Annoncer qu'il renonce, comme ça, sans prévenir ses proches, Nicolas Hulot l'a déjà fait. C'était le 6 juillet 2016. Par un texte diffusé sur les réseaux sociaux et communiqué à l'AFP, l'ancien animateur déclare «après mûre réflexion» qu'il renonce à se présenter à l'élection présidentielle de 2017.
«Nous étions très peu à le savoir, se remémore Pascal Durand, ami de Hulot et l'un de ses proches soutiens. Il nous avait prévenus la veille, sa décision était faite.» L'ancien numéro un d'Europe Ecologie-Les Verts (EE-LV) et député européen n'est donc absolument pas surpris de cette démission en direct à la radio, sans prévenir personne avant. «Il fonctionne comme ça. Ce n'est pas un homme politique et il ne le sera jamais», souligne Durand auprès de Libération. «Nicolas ne fonctionne pas avec une rationalité politique traditionnelle, il n'est pas dans le calcul, poursuit l'ex-eurodéputé Jean-Paul Besset, un autre de ses compagnons de route. Il a toujours fonctionné comme un athlète de haut niveau. A l'instinct animal.»
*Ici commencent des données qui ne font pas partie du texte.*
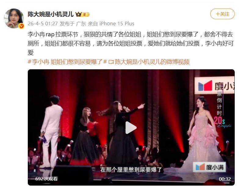 然而,笑声背后,观众更多读到的是勇气与真实。在一片“姐姐们都不容易”的共情声中,李小冉的即兴发言不仅是为了拉票,更像是一次为集体困境的公开发声。她敢于用如此直白的方式,揭露行业内部习以为常的潜规则——为了流程“顺利”而牺牲艺人基本生理需求的安排。这种“真实不做作”的莽撞,赢得了大量赞赏。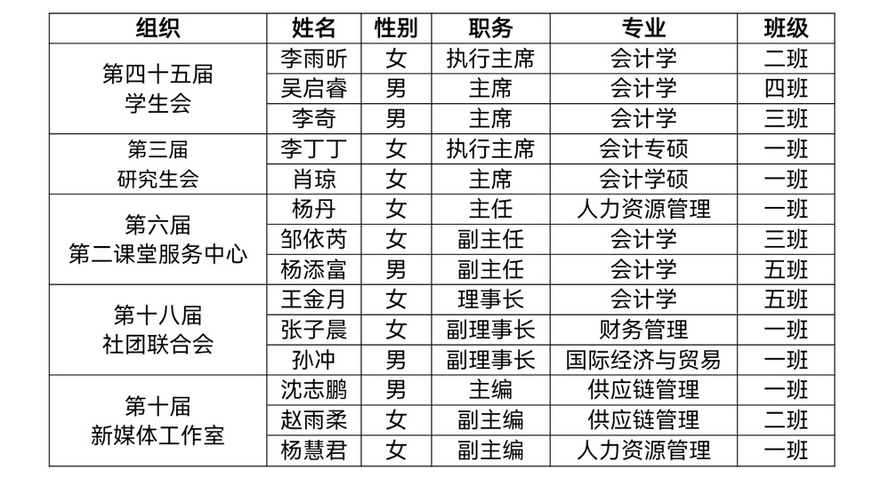 我院2023年学生组织管理层换届工作已完成个人申报、资格审查、竞职演讲、学生代表投票、组织考察等环节,依照《yl6809永利官网学生代表大会章程》《yl6809永利官网研究生代表大会章程》的有关规定,经研究决定,拟任命李雨昕等14名同学为新一届学生组织管理层学生骨干。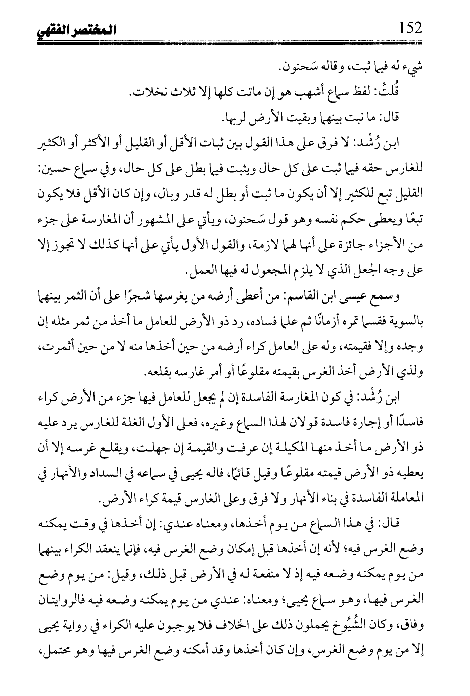 ابن رشد: لا فرق على هذا القول بين ثبات الأقل أو القليل أو الأكثر أو الكثير للغارس حقه فيما ثبت على كل حال ويثبت فيما بطل على كل حال، وفي سماع حسين: القليل تبع للكثير إلا أن يكون ما ثبت أو بطل له قدر وبال، وإن كان الأقل فلا يكون تبعا ويعطى حكم نفسه وهو قول سحنون، ويأتي على المشهور أن المغارسة على جزء من الأجزاء جائزة على أنها لهما لازمة، والقول الأول يأتي على أنها كذلك لا تجوز إلا على وجه الجعل الذي لا يلزم المجعول له فيها العمل.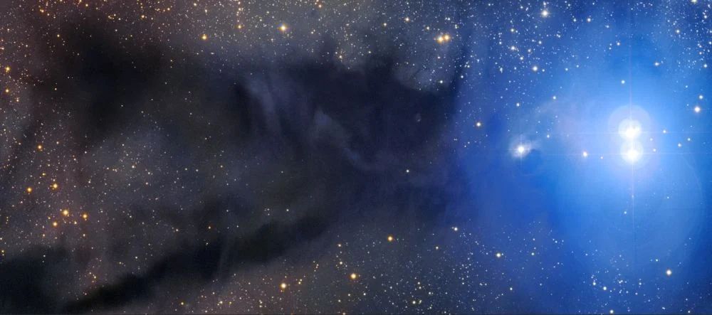 Hình ảnh phóng to này làm nổi bật cặp sao trẻ tạo ra tinh vân, cùng với một phần lớp bụi dày đặc cấu thành nên Lupus 3. Nguồn: ESO/R. Colombari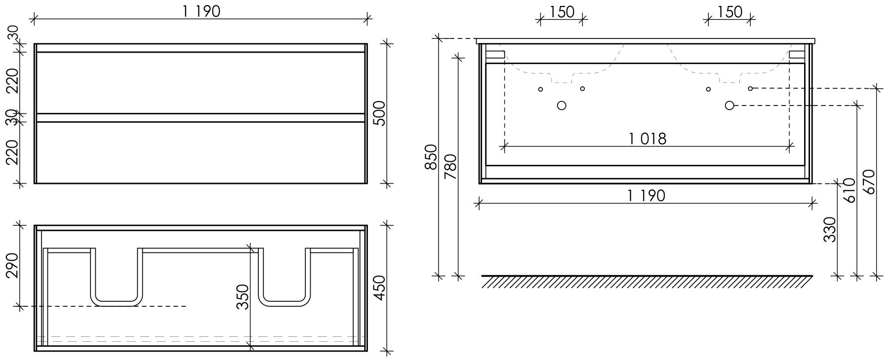 Подвесная тумба под двойную раковину Sancos Cento CN120-2KE 120см карпатская ель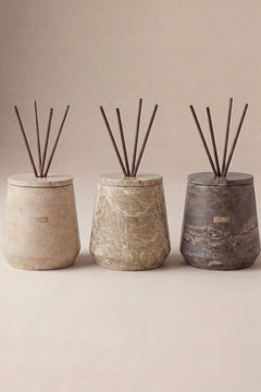 Candle: Insert the wax refill into the stone vessel. Trim the wick to 0.5 cm before each burn to ensure a clean, even flame. On first use, burn the candle for 2–3 hours until the wax reaches the edges to prevent tunneling. Limit each session to 4 hours to preserve fragrance quality. Always burn on a heat-resistant surface and never leave unattended.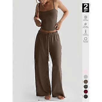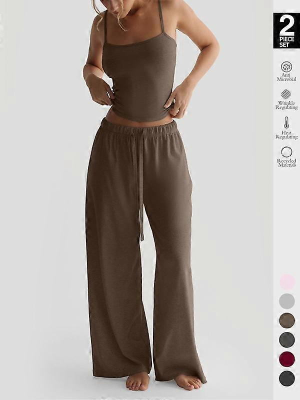Women's Solid Cami Top & Wide Leg Pants Loungewear, Casual Comfy Pyjama Set for Women, Women's Sleepwear for Summer, Homewear

Mais si, jusqu'ici, figurer dans la catégorie des «non-politiques» de ce gouvernement et n'être affilié à aucune force politique a pu lui garantir son étiquette de «vrai écolo» et, donc, lui assurer une bonne image dans l'opinion, beaucoup de ses anciens proches regrettent qu'il n'ait, comme le souligne l'un d'eux, «jamais su, à aucun moment, utiliser ce rapport de force». «Ce n'est pas un problème de psychologie mais de savoir-faire, ajoute-t-il. Nicolas ne se sert jamais des techniques politiques adéquates, ne s'est pas entouré de personnes solides dans son cabinet.» Ce que confirme Durand : «C'est sa part de responsabilité. Il n'a jamais voulu s'appuyer sur une force politique qui aurait pu l'aider». «Il avait une relation de confiance avec Emmanuel Macron et Edouard Philippe, croit savoir Besset. Mais le gouvernement n'a pas pris la mesure de l'immensité du sujet et lui s'est isolé. Et malgré sa forte réputation, il était terriblement seul.» Cette solitude et cette inexpérience politique lui ont d'ailleurs joué quelques mauvais tours.
Confidences au dessert
En 2011, lancé dans la primaire d'EE-LV face à Eva Joly, son entourage le surprotège de la presse jusqu'au congrès du mouvement en juin à La Rochelle. Lors d'un dîner organisé avec, tout d'un coup, trois tablées de journalistes, l'ex-animateur télé désormais plongé dans le grand bain s'y noie au moment du dessert en répondant spontanément à une question d'un journaliste sur «ce qu'il pense de Jean-Louis Borloo», ex-ministre de l'Ecologie sous Sarkozy. Sa réponse est trop franche, certains diront naïve : «Honnêtement… J'ai pensé pendant un court temps faire un tandem avec lui. Mais ce n'était pas envisageable, car je suis obligé de tenir compte de la culture d'Europe Ecologie-Les Verts. A ce stade, il est moins envisageable d'être avec lui que de faire un partenariat avec les socialistes. Mais on est à dix, onze mois de la présidentielle», déclare Hulot devant une assistance médusée.
Une dépêche AFP, une contre-attaque d'Eva Joly et un lâchage de la direction écolo plus tard et voilà Nicolas Hulot définitivement écarté de la course à l'investiture. A ses côtés à l'époque, Durand et Besset ne peuvent que constater ce côté imprévisible d'un responsable non préparé au monde politique. Ce mardi matin, Durand a regretté un «échec de l'écologie», rendant responsable un gouvernement qui n'a pas voulu suivre Hulot. Besset, a, lui, pris un «uppercut au foie» en l'entendant à l'heure du petit-déjeuner. Pour lui, cette démission spontanée est «la marque d'un homme imprévu, inattendu… L'échec d'un homme qui s'est confronté au réel et a finalement craqué». Un geste inattendu mais qui, finalement, lui ressemble beaucoup.